Wirehouse firms are getting hammered from every direction in the competition to attract high-net-worth investors, says a new report from the financial services industry research firm Cerulli.
While the high-net-worth market share of wirehouses slipped to 45% from a peak of 56% in 2007, and is projected to fall to 42% by 2014, both of the industry segments with which wirehouses compete in this space—traditional private client groups and multifamily offices—have momentum on their side.
In an interview with AdvisorOne, Cerulli senior analyst Robert Testa said his Boston-based firm, which has been tracking the high-net-worth market on an annual basis, has seen this trend in the making for some time, but this is the first year wirehouses have lost the No. 1 spot.
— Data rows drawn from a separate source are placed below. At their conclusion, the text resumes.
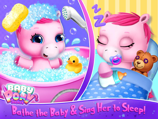 Play Baby Pony Sisters pet care game for girls and boys and travel back in time when kids’ favorite ponies Rainbow, Britney, Molly and Rosie were little baby horses! Take care of your new cute virtual pets: bathe, feed, sing to sleep, change diapers and dress up! Decorate the baby ponies’ room the way you like!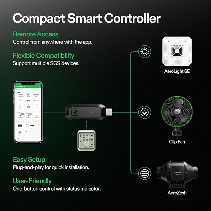 - The GrowHub E25: Connect with the Vivosun Smart Grow System, allowing you to monitor and control the AeroLight by the Vivosun App; connect a wide range of equipment and design Grow Recipes that will take your plant from seed to harvest automatically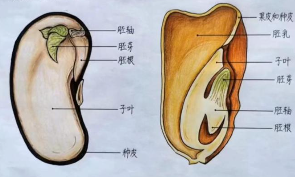 蚕豆种子由种皮和胚组成,玉米种子由种皮、胚和胚乳组成。种皮的作用是保护内部结构,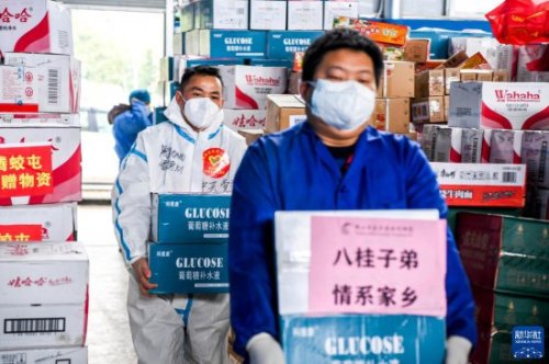 2月15日,在廣西百色市德??h一處倉庫,工作人員在搬運抗疫物資。新華社記者 曹祎銘 攝

The large full-service retail brokerage firms known as wirehouses, numbering just four today, include Bank of America Merrill Lynch, Morgan Stanley Smith Barney, Wells Fargo and UBS.
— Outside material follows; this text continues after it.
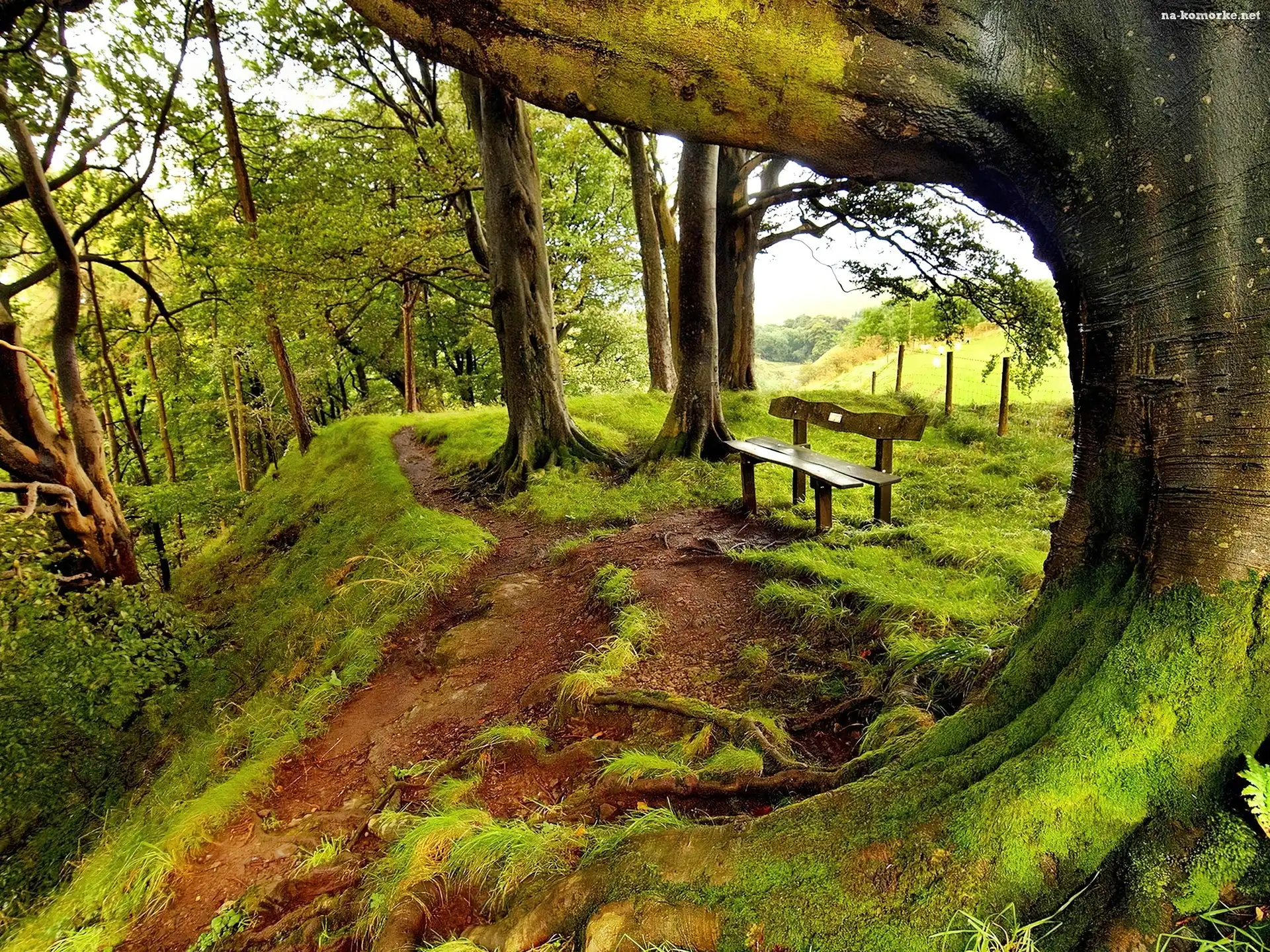 Stare, Ławka, Drzewo, Mech na Komórkę

By year-end 2010, traditional private client groups—a class that Testa says includes whiteshoe firms like Goldman Sachs, Credit Suisse, BNY Mellon and Bessemer Trust—reached 47% of high-net-worth assets; Cerulli projects the segment’s market share will reach 49% by 2014.
Meanwhile, multifamily offices, starting from a small base, have seen the most rapid growth. These firms, many of them owned by large banking institutions but independently managed, more than doubled their assets from 2005 to 2010 and grew at an 18% rate in 2010. GenSpring (owned by SunTrust), Convergent Wealth Advisors (owned by Citi National Bank) and Hawthorn (owned by PNC) are prominent firms in the multifamily office space.
Testa said it wouldn’t be easy for wirehouses to reverse a trend fueled by technology and market changes, and accelerated by the financial crisis.
“Being a wirehouse does not give you any kind intrinsic advantage,” the Cerulli analyst says. “HighTower can offer anything that a wirehouse offers.”